Task details -
Every line of the entries below from the one containing "MUHAMMAD AZAM | |||" to the one containing "禅木匠【小财气吊坠】天然黄水晶吊坠原石项链水晶挂件925银饰品", both ends included, must be written out exactly. No other line belongs in the answer.

Material for this task -
----------------

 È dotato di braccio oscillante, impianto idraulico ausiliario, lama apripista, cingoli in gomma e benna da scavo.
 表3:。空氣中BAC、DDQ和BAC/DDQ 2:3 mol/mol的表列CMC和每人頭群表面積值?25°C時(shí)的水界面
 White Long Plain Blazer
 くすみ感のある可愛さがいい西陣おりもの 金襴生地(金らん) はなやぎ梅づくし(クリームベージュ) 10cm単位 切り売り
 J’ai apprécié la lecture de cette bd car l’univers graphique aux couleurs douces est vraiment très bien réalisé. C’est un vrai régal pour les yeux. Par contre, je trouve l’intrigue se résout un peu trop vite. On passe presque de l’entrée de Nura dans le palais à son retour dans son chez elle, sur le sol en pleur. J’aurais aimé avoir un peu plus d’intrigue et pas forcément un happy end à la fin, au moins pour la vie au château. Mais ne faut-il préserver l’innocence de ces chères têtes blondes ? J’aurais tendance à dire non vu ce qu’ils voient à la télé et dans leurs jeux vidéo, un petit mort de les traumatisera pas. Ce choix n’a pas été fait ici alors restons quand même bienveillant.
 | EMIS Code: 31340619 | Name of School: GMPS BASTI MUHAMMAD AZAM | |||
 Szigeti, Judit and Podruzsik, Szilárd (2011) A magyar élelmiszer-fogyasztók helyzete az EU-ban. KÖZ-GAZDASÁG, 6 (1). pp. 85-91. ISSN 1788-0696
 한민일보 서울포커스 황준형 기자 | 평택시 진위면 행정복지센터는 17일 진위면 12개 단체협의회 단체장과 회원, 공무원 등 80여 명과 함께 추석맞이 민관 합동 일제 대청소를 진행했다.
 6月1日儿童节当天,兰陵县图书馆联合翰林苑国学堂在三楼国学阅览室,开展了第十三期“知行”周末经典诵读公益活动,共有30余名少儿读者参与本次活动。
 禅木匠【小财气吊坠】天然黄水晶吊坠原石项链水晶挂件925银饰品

----------------

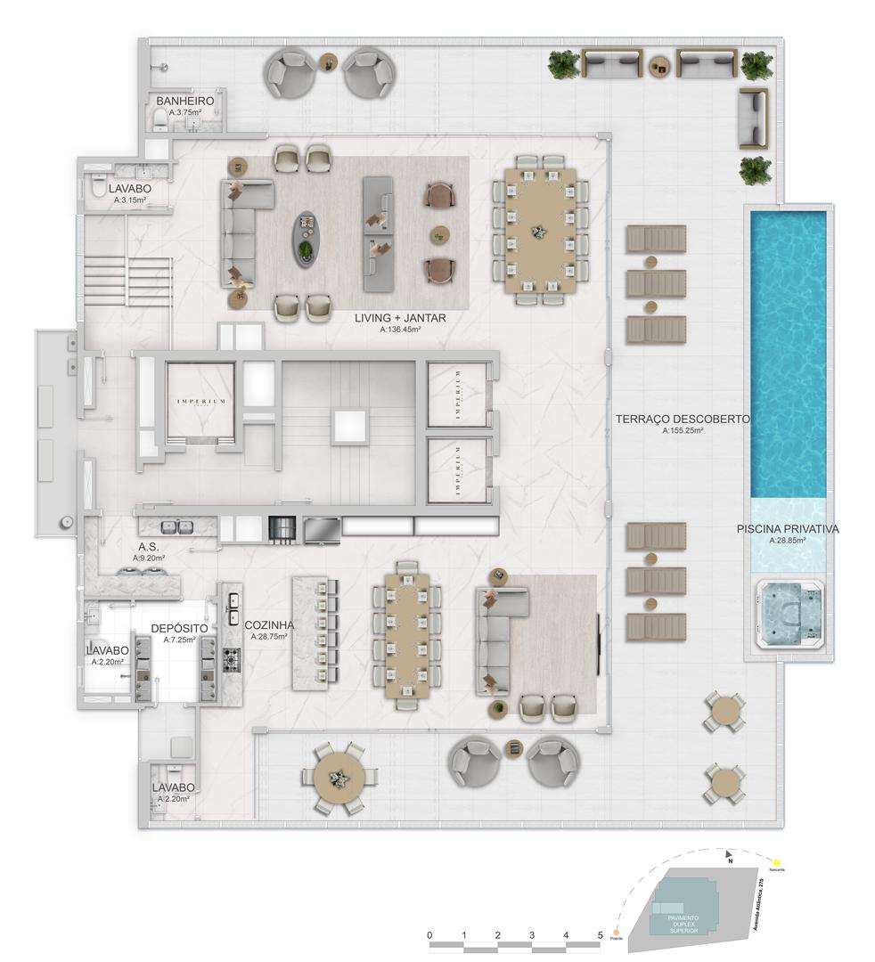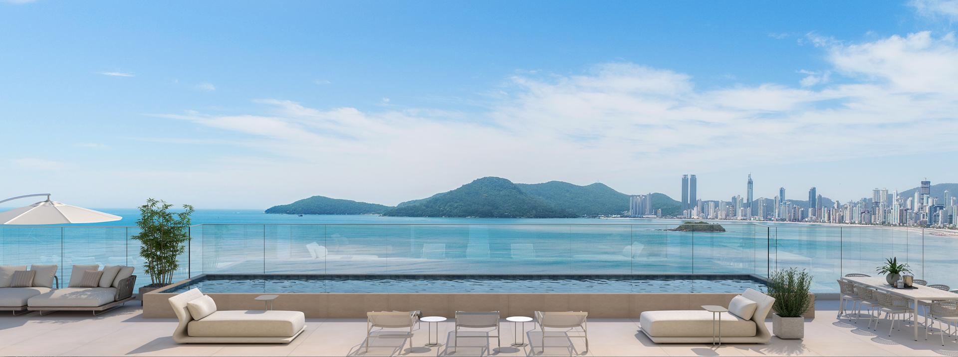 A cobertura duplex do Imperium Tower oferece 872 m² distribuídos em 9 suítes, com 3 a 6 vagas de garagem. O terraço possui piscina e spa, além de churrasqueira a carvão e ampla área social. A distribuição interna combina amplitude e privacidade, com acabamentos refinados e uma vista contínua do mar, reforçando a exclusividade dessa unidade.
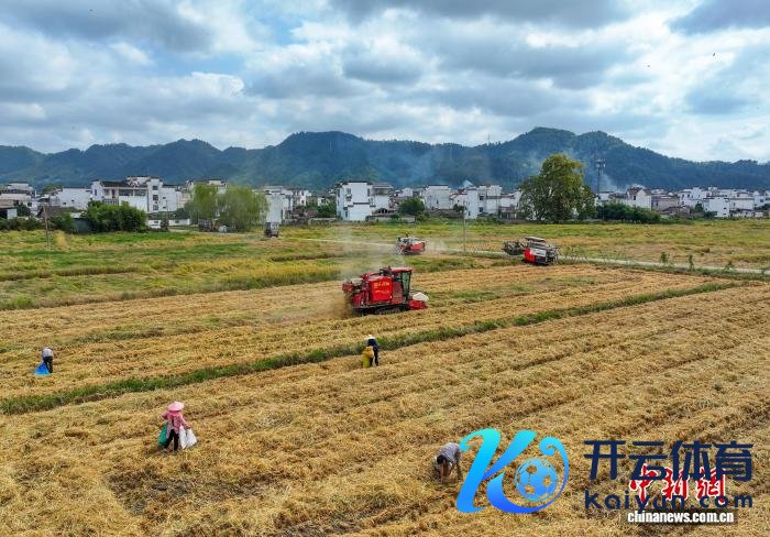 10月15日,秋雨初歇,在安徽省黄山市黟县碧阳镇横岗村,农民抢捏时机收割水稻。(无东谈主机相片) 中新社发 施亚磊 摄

----------------

Solution to this problem -
 | EMIS Code: 31340619 | Name of School: GMPS BASTI MUHAMMAD AZAM | |||
 Szigeti, Judit and Podruzsik, Szilárd (2011) A magyar élelmiszer-fogyasztók helyzete az EU-ban. KÖZ-GAZDASÁG, 6 (1). pp. 85-91. ISSN 1788-0696
 한민일보 서울포커스 황준형 기자 | 평택시 진위면 행정복지센터는 17일 진위면 12개 단체협의회 단체장과 회원, 공무원 등 80여 명과 함께 추석맞이 민관 합동 일제 대청소를 진행했다.
 6月1日儿童节当天,兰陵县图书馆联合翰林苑国学堂在三楼国学阅览室,开展了第十三期“知行”周末经典诵读公益活动,共有30余名少儿读者参与本次活动。
 禅木匠【小财气吊坠】天然黄水晶吊坠原石项链水晶挂件925银饰品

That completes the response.